Успокоившись, Володя поспешил в бункер неподалеку от ангаров, где обычно проводились теоретические занятия.
…Увы, «вертушка» вернулась ни с чем. Вертолетчики облетели все намеченные капитаном площадки, — но, как доложил ее пилот, следов посадки МиГа нигде не было видно.
— А вы приземлялись там, чтобы проверить? — спросил Володя.
— Нет, — помотал головой вьетнамец. По-русски он говорил довольно сносно — как оказалось, учился в Союзе.
— А почему?
— Потому, — отозвался пилот. — С воздуха и так видно, что нет ничего там. Ни самолета, ни обломков.

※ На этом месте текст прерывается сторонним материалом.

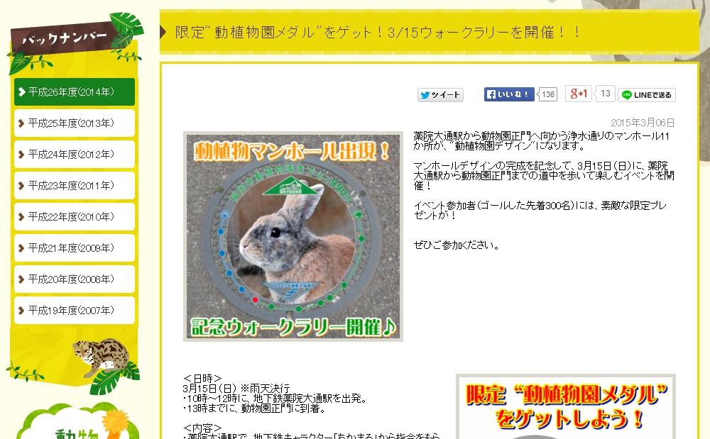 福岡市動物園で、動物のマンホールデザイン完成を記念したウォークラリーが3月15日(日)に開催されます。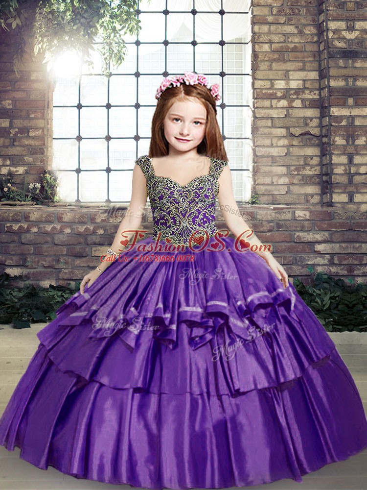 Low Price Sleeveless Lace Up Floor Length Beading Kids Pageant Dress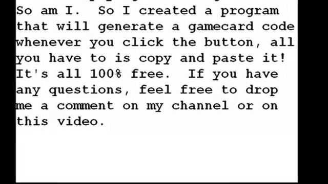 http://goo.gl/xWeYw 10/9/08 UPDATE: NEW PROGRAM! GUARANTEED TO WORK! This program will generate WoW gamecard codes for you to use. You might have to try a few times to get a working one. To Use: 1: Download the program from link above 2: Save it to your desktop, or any other folder 3: Run the program and click generate to make a gamecard code. If you can't get a code using generate, then use random.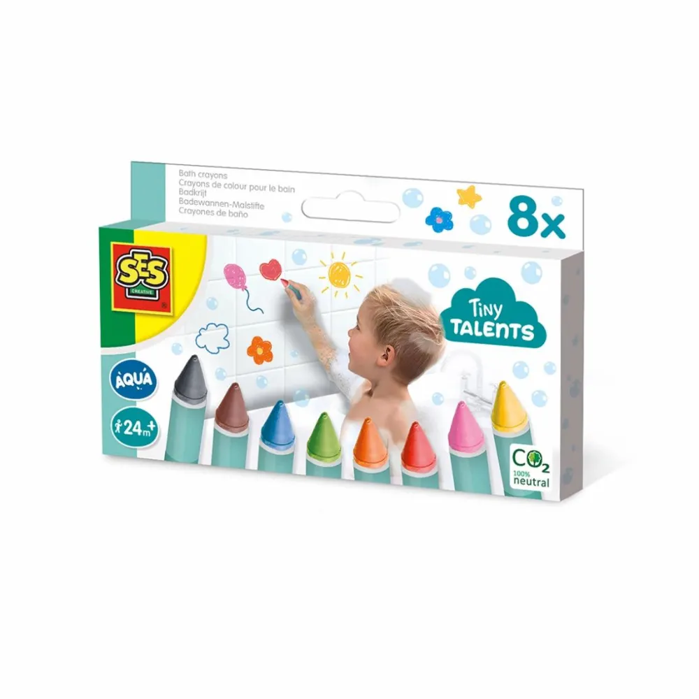 Disse farvekridt kan man male med i badet. Alle hårde flader såsom fliser og emalje kan tåle at blive til små kunstværker, mens dit barn fornøjer sig med at blive ren.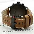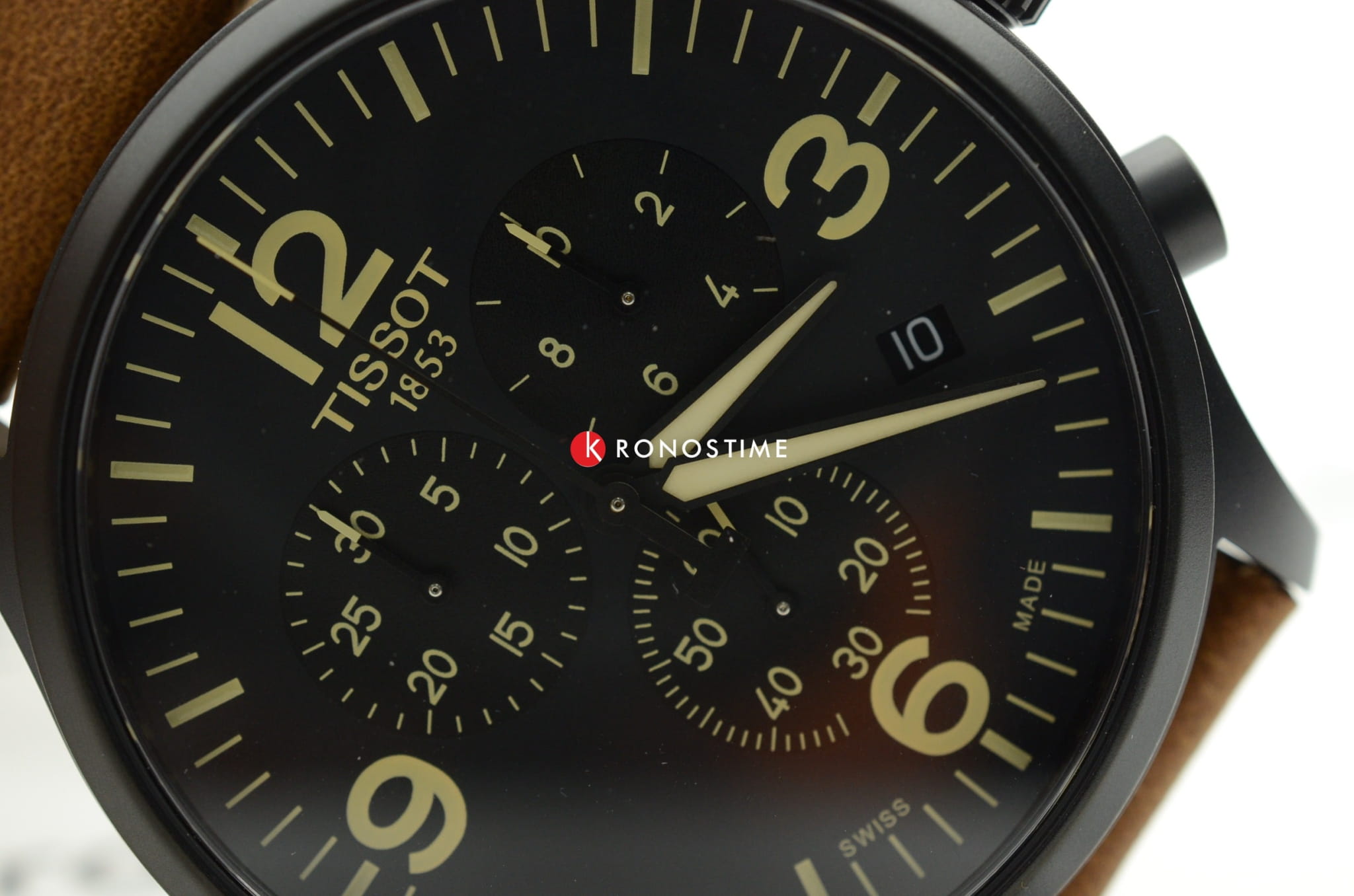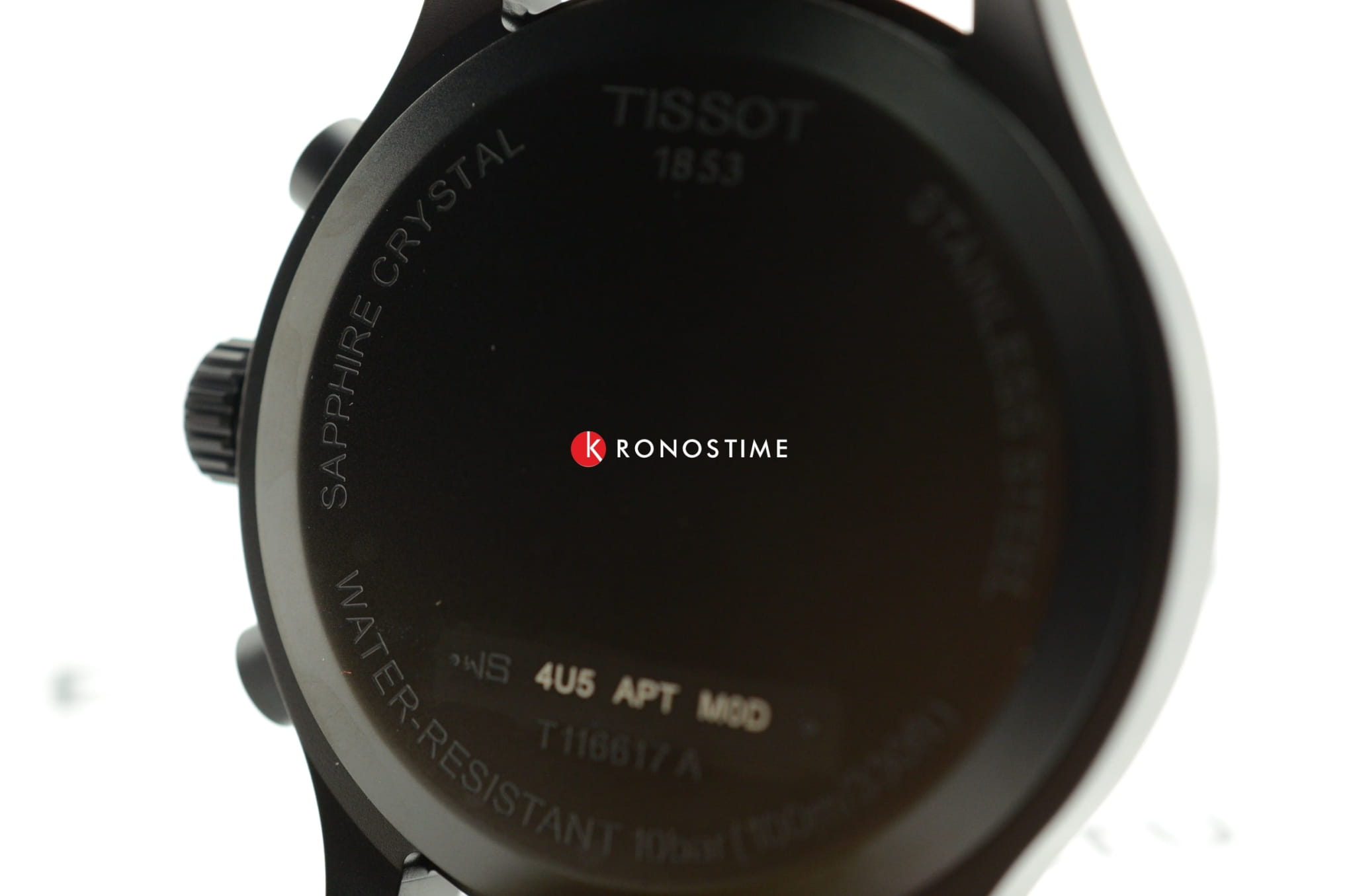 Дизайнеры делают ставку на оригинальный ремешок с характерной прострочкой, он сделан из натуральной кожи. Модель относится к числу самых больших хронографов среди всей продукции Tissot, диаметр их корпуса имеет внушительный размер - 45 мм. Кварцевый калибр ETA G10.212 с 4 камнями. Корпус из хирургической стали с чёрным PVD-покрытием. Хронограф, секундомер, окошко даты. Габариты: 45 x 45 x 11 мм.
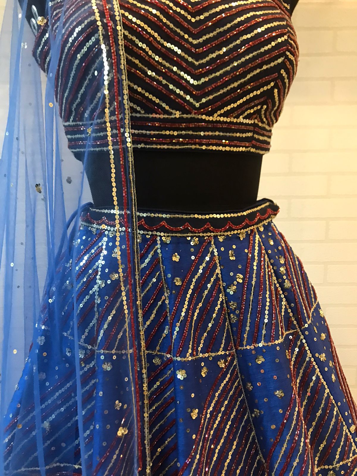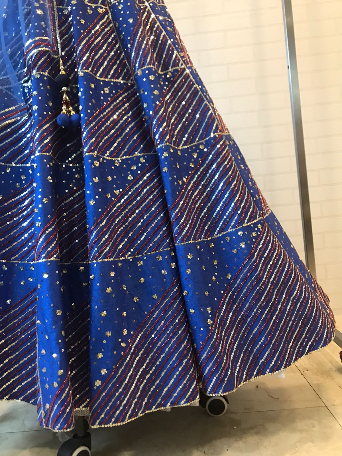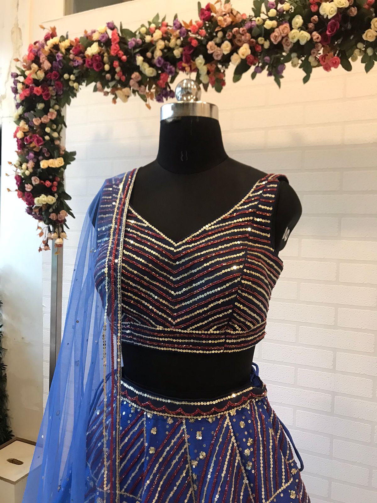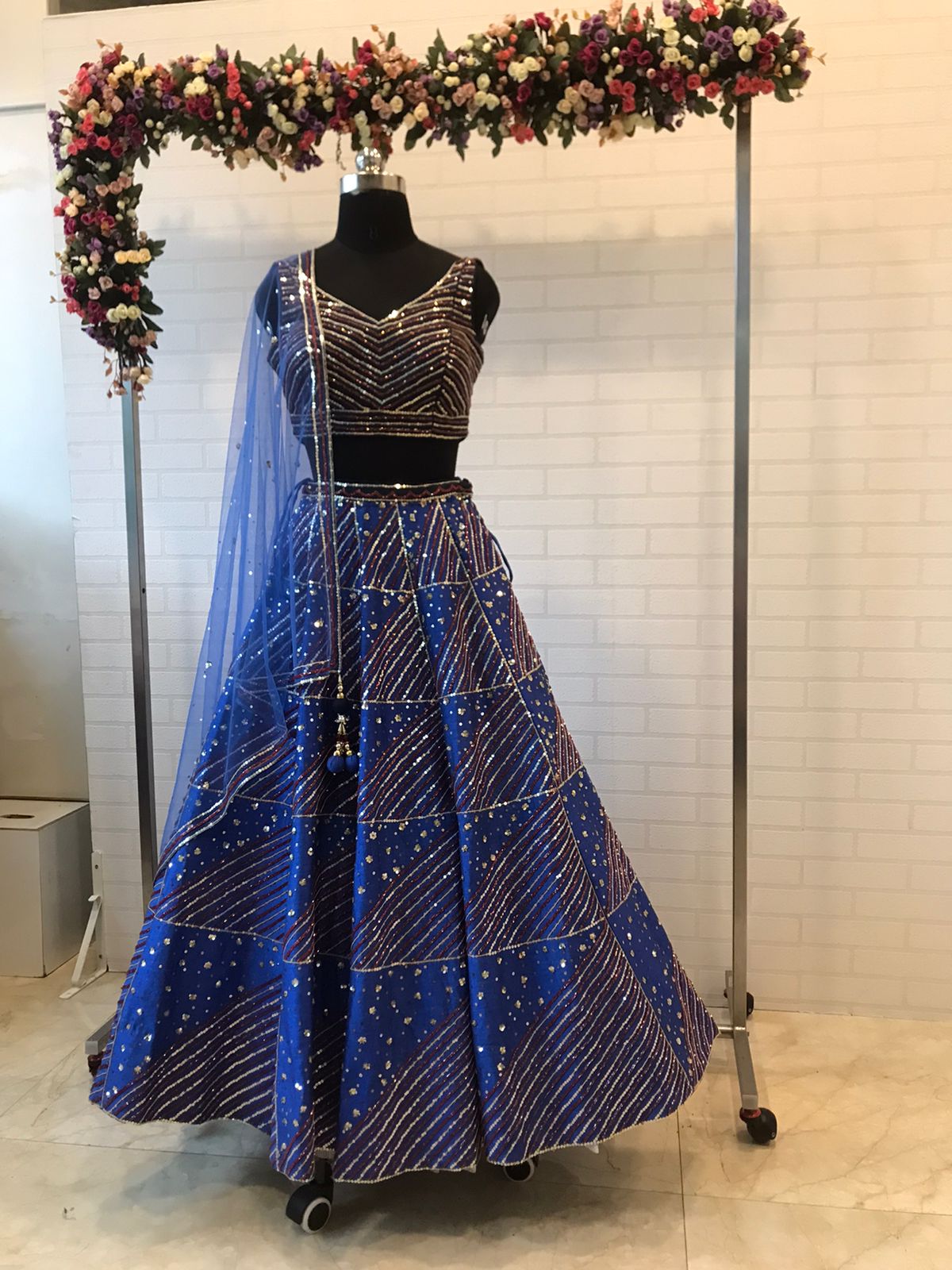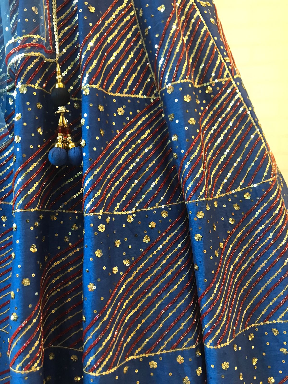 What sets this ensemble apart is its bold geometric design. The lehenga features an architectural pattern of triangles, chevrons, and angular motifs outlined in shimmering gold gota and sequin work. Against the rich midnight blue base, these golden lines create a striking contrast—like constellations drawn by an artist who believes structure can be beautiful, that geometry can be grace.
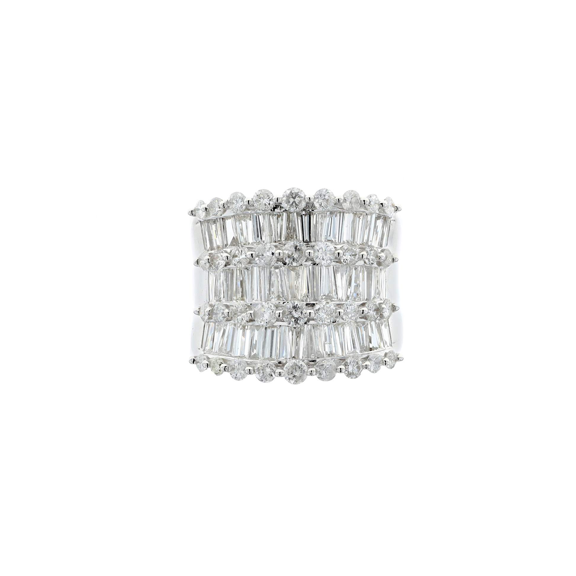 Fifty-three channel set baguette cut (tapered) diamonds, measuring 3.50 x 1.70 x 1.45mm (depth est.) approximate total weight of 53 Stones = 2.60ct. One diamond is chipped.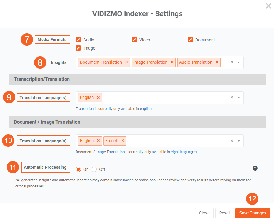 - Choose the Media/Evidence formats you want to generate AI Insights for. Available insight options depend on the selected format(s).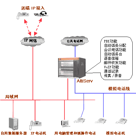 - 電話系統(tǒng)與傳統(tǒng)的交換機連為一個統(tǒng)一的通訊整體

— А парашют там, или лес поваленный?
— Ничего. Воронок в лесу много — американцев там нападало немало. Но все они старые. Не буду ж я над каждой зависать… — в голосе вертолетчика мелькнула злоба на непонятливого русского офицера. Володя понял, что не высаживались поисковики спешили побыстрее убраться из опасного района, где легко можно было схлопотать ракету или снаряд — и тяжело вздохнул:
— Ясно… Спасибо…
Вертолетчик ушел. Володя снова задумался, потом, тяжело вздохнув, пошел в лагерь.
Глава 3
Возвращение блудного сына
Ни на второй, ни на третий день Хваленский не вернулся. Володя еще дважды летал в те места, где мог упасть его самолет, но по-прежнему ничего не обнаружил. В Ханой он звонить не стал, решив выждать хотя бы неделю. Хотя и сомневался — может, зря? Может, лучше все-таки повиниться, но майора найдут?